If you want to jump straight into the code, feel free to download this solution here.
As a Program Manager (PM) in Office, one of our tasks is to write specifications for features that we are designing for the product. These specifications exist in different stages depending on how far along we are in the design. For example, a stage 0 specification is essentially just a placeholder document with no content. A stage 5 specification is a document that contains the full design for a feature and is ready to be coded by developers. Along the way we inevitably run into open issues that must be addressed before the feature can be coded properly. In order to help us track open issues within a document we included a custom style called "Issue" as part of our specification template. This style applies a yellowish background color to a paragraph so that the paragraph easily sticks out. Here is a screenshot of what this style looks like:
Whenever a PM encounters an open issue he/she applies this custom style to the content within the specification. Wouldn't it be great if you can generate a dynamic chart that shows the number of open issues for every PM per given specification stage?
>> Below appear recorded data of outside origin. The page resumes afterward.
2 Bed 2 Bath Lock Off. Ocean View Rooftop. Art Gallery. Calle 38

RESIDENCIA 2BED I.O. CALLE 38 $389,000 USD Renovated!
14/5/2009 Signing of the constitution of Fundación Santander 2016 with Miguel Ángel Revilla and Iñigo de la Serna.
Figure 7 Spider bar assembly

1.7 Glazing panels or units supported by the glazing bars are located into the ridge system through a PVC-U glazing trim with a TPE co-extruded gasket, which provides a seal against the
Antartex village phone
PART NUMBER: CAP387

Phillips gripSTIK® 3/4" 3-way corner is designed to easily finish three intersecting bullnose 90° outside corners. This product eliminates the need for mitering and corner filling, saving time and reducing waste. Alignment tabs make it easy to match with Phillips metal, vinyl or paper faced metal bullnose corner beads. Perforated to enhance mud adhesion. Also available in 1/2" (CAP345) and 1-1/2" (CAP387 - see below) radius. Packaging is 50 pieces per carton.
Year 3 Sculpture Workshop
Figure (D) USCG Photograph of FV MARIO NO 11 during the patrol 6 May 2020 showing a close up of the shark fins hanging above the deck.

This chart would represent the relative health of a particular specification library.
The scenario I listed above talks about interrogating a repository of Word documents and counting the number of open issues within each of the documents. In order to accomplish this scenario we will need to take the following actions:
For the sake of this post and the scenario described above I have created the following template Excel spreadsheet:
This spreadsheet contains only one sheet with a blank chart. The chart will display the number of open issues across all the program managers listed within a SharePoint library broken down by the specification status. The chart is given a specific name so that we can reference it within our Excel Services web part. Add this template document to a SharePoint library.
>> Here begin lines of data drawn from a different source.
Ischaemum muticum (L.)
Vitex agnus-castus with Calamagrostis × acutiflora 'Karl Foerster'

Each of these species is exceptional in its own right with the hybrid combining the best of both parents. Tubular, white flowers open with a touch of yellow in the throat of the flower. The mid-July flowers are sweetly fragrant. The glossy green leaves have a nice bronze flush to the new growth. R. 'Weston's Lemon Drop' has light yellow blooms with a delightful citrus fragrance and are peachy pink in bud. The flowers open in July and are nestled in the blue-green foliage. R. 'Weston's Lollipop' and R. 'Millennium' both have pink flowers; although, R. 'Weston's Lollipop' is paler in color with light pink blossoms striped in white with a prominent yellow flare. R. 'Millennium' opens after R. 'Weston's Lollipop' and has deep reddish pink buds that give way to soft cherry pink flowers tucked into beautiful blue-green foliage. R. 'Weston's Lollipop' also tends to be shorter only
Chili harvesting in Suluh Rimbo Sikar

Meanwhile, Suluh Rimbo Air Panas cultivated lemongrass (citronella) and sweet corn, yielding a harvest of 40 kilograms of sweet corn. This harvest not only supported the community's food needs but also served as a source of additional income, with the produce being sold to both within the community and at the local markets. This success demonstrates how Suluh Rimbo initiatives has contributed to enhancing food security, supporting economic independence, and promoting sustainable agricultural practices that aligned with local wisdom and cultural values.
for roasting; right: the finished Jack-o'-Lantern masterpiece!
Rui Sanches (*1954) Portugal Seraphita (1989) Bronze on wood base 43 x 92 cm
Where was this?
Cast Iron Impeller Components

Note: I am going to show you how to create a web part within SharePoint 2010, but you should be able to do the same thing within SharePoint 2007 (since Excel Services is not new to 2010).
On a SharePoint site where you are an admin, click on the menu command with your name and select Personalize this Page option:
At this point you have the ability to change the look of the page. Click on the Add a Web Part link:
In the Categories section select Office Client Applications. In the Web Parts section select Excel Web Access:
Now we need to link our Excel Services web part to our template Excel spreadsheet. Click the link to open the tool pane, which allows you to reference the correct Excel spreadsheet. In the Excel Services web part properties pane add the following information:
At this point we have an Excel Services web part that shows the chart in our Excel spreadsheet template.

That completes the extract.